This first rule allows up to 50kb of large DNS responses per minute to a single IP (the 32 means a /32, i.e. a single IP address), and always allows the first 10 large response packets through. Again, it tracks, at most, 100,000 IPs in order to avoid an attack vector against our server.

After a host goes over this threshold, we’ll pass the traffic through to the next stage of the chain:

iptables -A LARGE_DNS_PACKET_TRACKING -j SET --add-set throttled-ips dstip --timeout 600 --exist

This is where the magic happens. If the client breaches the threshold set above, then it will add its IP to the ipset we created earlier, meaning that it will be blocked for 10 minutes. Finally, let’s note this in the system log and then drop the packet:

iptables -A LARGE_DNS_PACKET_TRACKING -j LOG --log-prefix "DNS-amplification protection: "
iptables -A LARGE_DNS_PACKET_TRACKING -j DROP

Conclusions

With the right protection in place, it’s not such a bad thing to run an open DNS resolver on the internet. If you look in your server’s configuration manual, you should find a few options that can also help in preventing attacks. Additionally, we recommend setting up a firewall-based system like I detailed above so that you can limit the amount of traffic you send out. Otherwise, you may easily find your server being disconnected by your ISP for being part of an attack.

Linux Stateless Firewalling for High Performance

I’m currently doing a fun bit of consulting on high performance Linux with a great company called Strongarm. I’ve written a post on their blog about we went about adapting a standard linux firewall to make it much more efficient and less resilient to DDoS attack. In short, remove the connection tracking modules and easily do it yourself – but watch out for hidden traps especially on the AWS EC2 platform because it uses jumbo frames!

I’ve archived the content below:

When we were building Strongarm, we came across an interesting challenge that we hadn’t seen addressed before: how to make a Linux stateless firewall that guarantees performance and resilience. Below, I’ll explain how we went about exploring and eventually solving this problem and offer some specific tips you can apply if you are trying to achieve something similar.

Stateful Connection Tracking and Its Issues

I love Linux, and in particular its firewalling capability. The excellent iptables utility has so many extensions and features it’s hard to keep track of everything that it can do. However, one of the issues I’ve seen many times on high performance systems is that, while the Linux firewall behaves excellently in many common situations, there are some loads where it can severely degrade performance and even cripple your server.

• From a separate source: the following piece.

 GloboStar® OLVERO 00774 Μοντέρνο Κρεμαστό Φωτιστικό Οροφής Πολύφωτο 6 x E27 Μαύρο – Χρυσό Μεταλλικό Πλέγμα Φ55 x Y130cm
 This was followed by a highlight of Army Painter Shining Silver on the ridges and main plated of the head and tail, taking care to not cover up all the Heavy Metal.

By default, as soon as you load iptables, stateful connection tracking is enabled. This allows you to build a firewall that will totally protect your computer as simply as:

iptables -A INPUT -m state --state ESTABLISHED,RELATED -j ACCEPT
iptables -P INPUT DROP

The first command allows any connections that are already established to be able to continue when the responses come in, and the second one says to drop anything else by default. This will let you talk to anyone else on the network, but not let anyone else talk to you. There are obviously much more complex firewalling setups, but unless you explicitly disable connection tracking, it will always be there keeping a list of which connections have been established to or from your computer and what their current states are.

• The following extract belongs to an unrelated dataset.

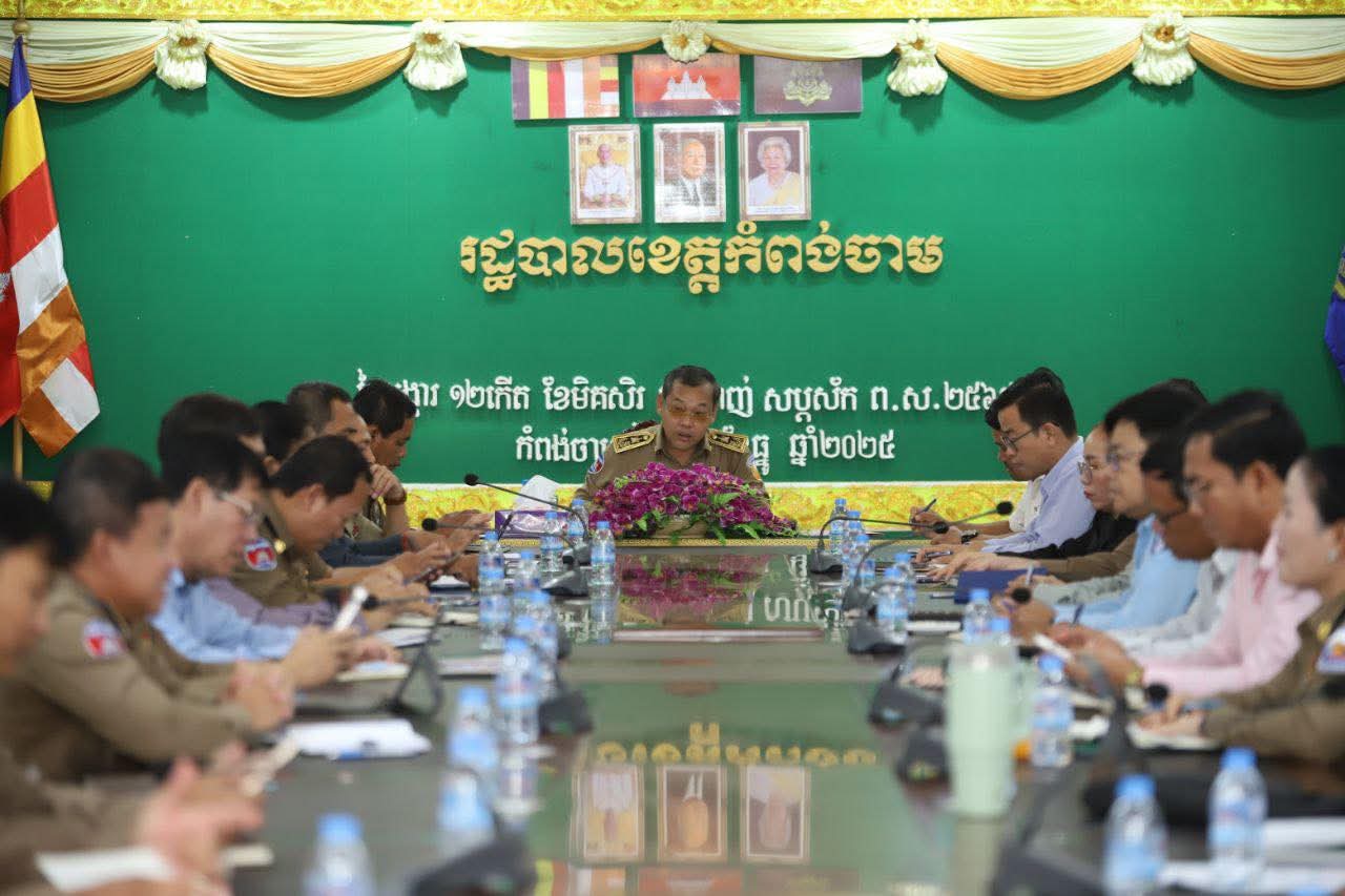 (កំពង់ចាម) :នៅព្រឹកថ្ងៃទី២ ខែធ្នូ ឆ្នាំ២០២៥នេះ លោក ឃន ប្រុស អភិបាលរងខេត្ត តំណាងដ៏ខ្ពង់ខ្ពស់ ឯកឧត្តម អ៊ុន ចាន់ដា អភិបាលនៃគណៈអភិបាលខេត្តកំពង់ចាម បានដឹកនាំកិច្ចប្រជុំត្រៀមរៀបចំពិធី តាំងពិព័រណ៍ អុចកាំជ្រួច និងប្រគំដន្រ្តី ដើម្បីចូលរួមអបអរ ថ្ងៃចូលឆ្នាំសកល ២០២៥ ចូល ២០២៦ នាពេលខាងមុខនេះ។ កិច្ចប្រជុំនេះក៏មានការអញ្ជើញចូលរួមពី កងកម្លាំងទាំងបី លោក លោកស្រី ប្រធាន អនុប្រធានមន្ទីរអង្គភាពជុំវិញខេត្ត និងអ្នកពាក់ព័ន្ធជាច្រើនរូបទៀត ។
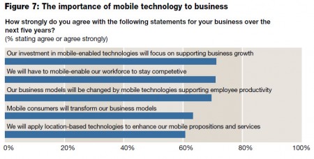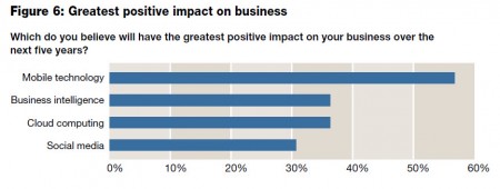De ces quatre forces qui transforment radicalement la société, les entreprises et toutes les activités humaines, le mobile est la technologie qui est citée assez largement en premier comme facteur ayant un impact positif sur l’entreprise dans les 5 ans à venir. Il est vrai qu’avec le mobile nous entrons dans une ère qui change radicalement notre rapport au monde et aux autres : nous sommes et devons être connectés en permanence.

Usually this is not a problem, but under high performance situations or in the event of  an attack, you can sometimes see the dreaded “ip_conntrack: table full, dropping packet” error in the kernel logs. This probably means that someone tried to connect to your server but couldn’t. In other words, it seems to at least some part of the internet that your server has gone offline! The purpose of this is to prevent DoS attacks. Linux limits the number of connections that it tracks so that it doesn’t use all of the system’s memory. You can see what your connection limit is on newer kernels by running:

$ cat /proc/sys/net/nf_conntrack_max
262144

(If you’re having this issue right now, as a temporary workaround, you can write a larger value, perhaps echoing 5000000 into that file to raise the limit. For a longer-term solution, please read on.)

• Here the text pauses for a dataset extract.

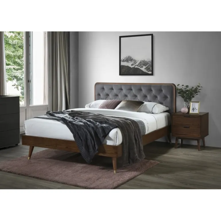 Oplev ultimativ komfort og stil med CASSIDY sengen. Fremstillet af førsteklasses materiale som stof og massivt gummitræ, denne seng kombinerer holdbarhed med en moderne æstetik. Stoffet i grå og træet i valnød farve skaber en elegant og tidløs look, perfekt til ethvert soveværelse. Bemærk venligst, at sengen leveres uden madras, men en valgfri POLARIS 160x200cm madras kan tilkøbes.
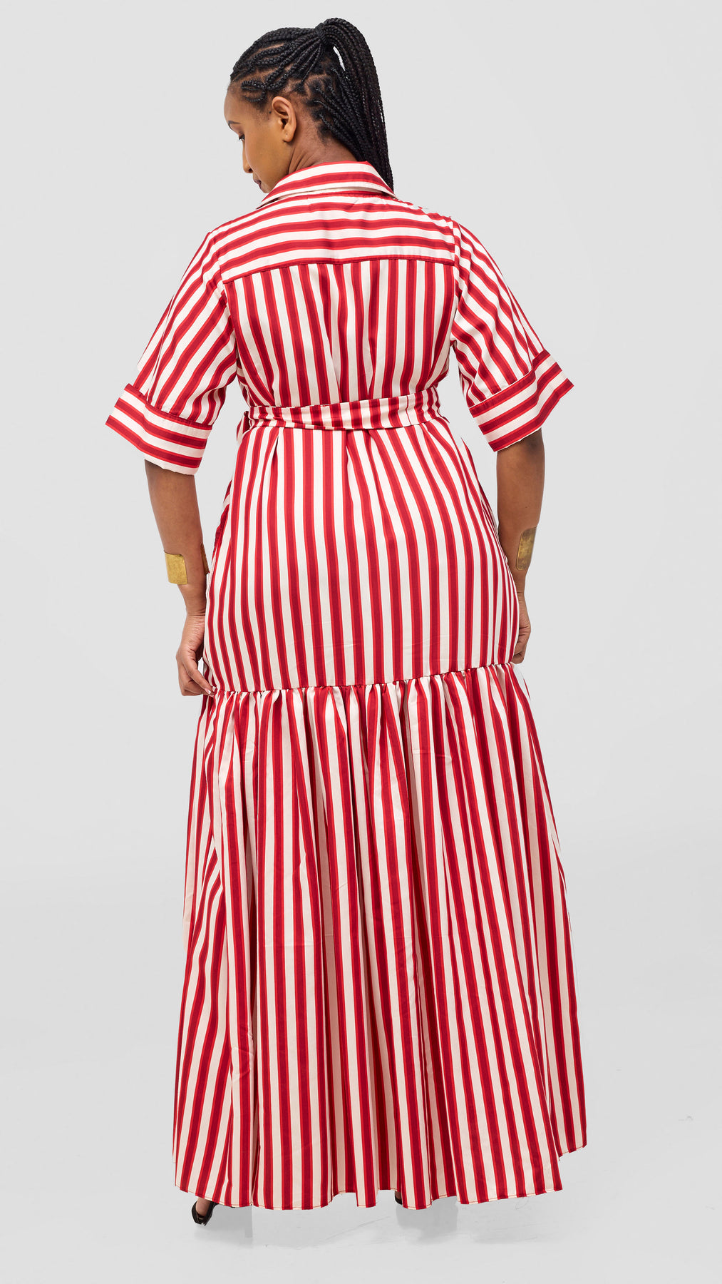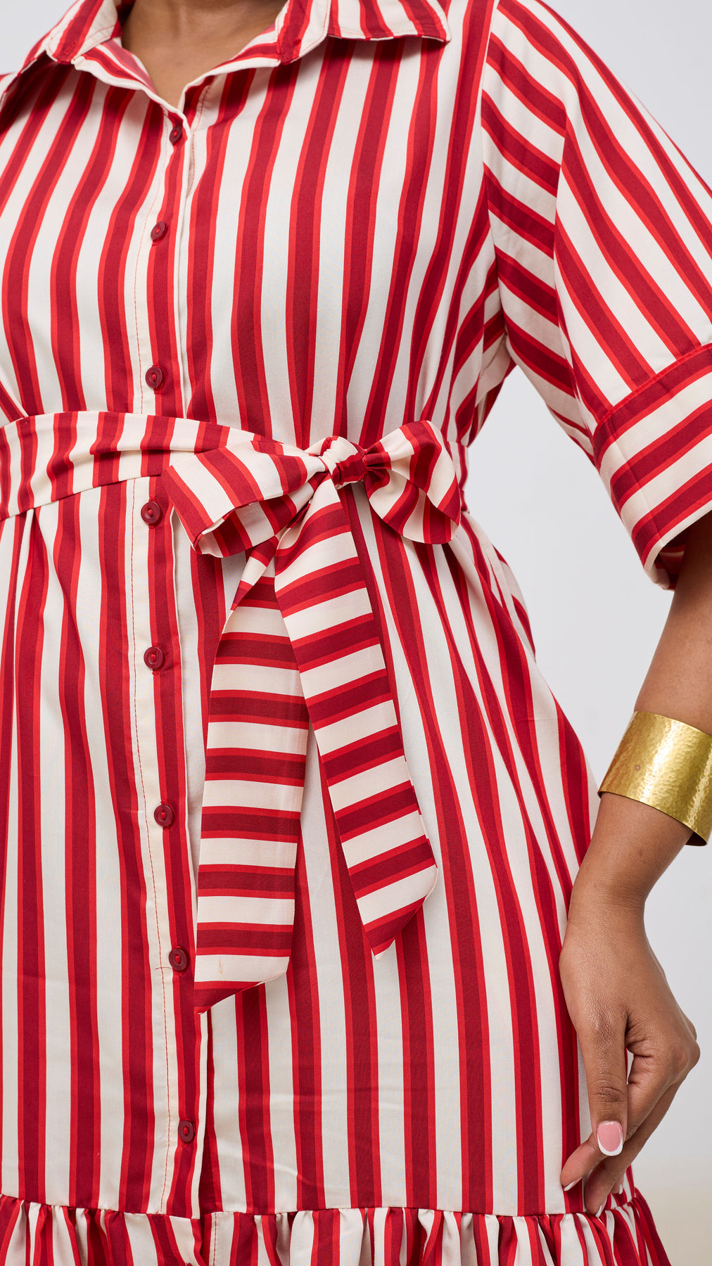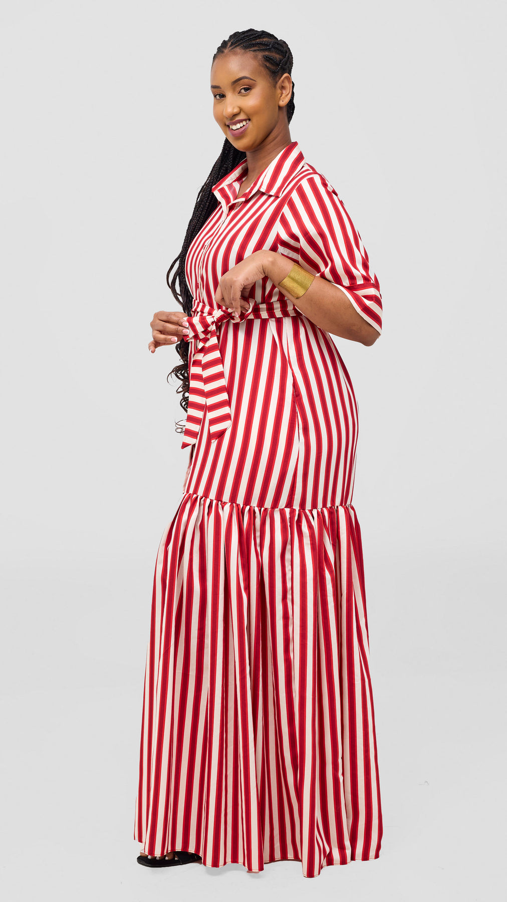 Safari Nazari Maxi Shirt Dress - Red / Cream Stripes

Being able to track 250,000 connections simultaneously might seem like quite a lot, but what exactly is a connection? The answer is relatively easy to define for a stateful protocol like TCP, however in a stateless protocol such as UDP or ICMP, all you can do is say, “We didn’t see a packet in the past X seconds – I guess we don’t have a connection anymore.” How many seconds by default?

$ cat /proc/sys/net/netfilter/nf_conntrack_udp_timeout
30

Now, protocols such as UDP or ICMP are easily spoofed (i.e. the source address can be easily faked). Since UDP has 65,000 ports, this basically means that if you can send roughly 50,000 UDP packets (one per port) from 5 servers or spoofed addresses in a period of less than 30 seconds, you will cause the Linux connection tracking table to overflow and effectively block any other connections for that time. This is pretty easy to do. A UDP packet only needs to be 28 bytes, and 28 * 250,000 = 7Mb, or 60Mbit of data. In other words, on a 100Mbps connection, or from 10 people’s 10Mbps connections, you can send enough data in about 0.5 seconds to take a server offline for 29 seconds. Oops!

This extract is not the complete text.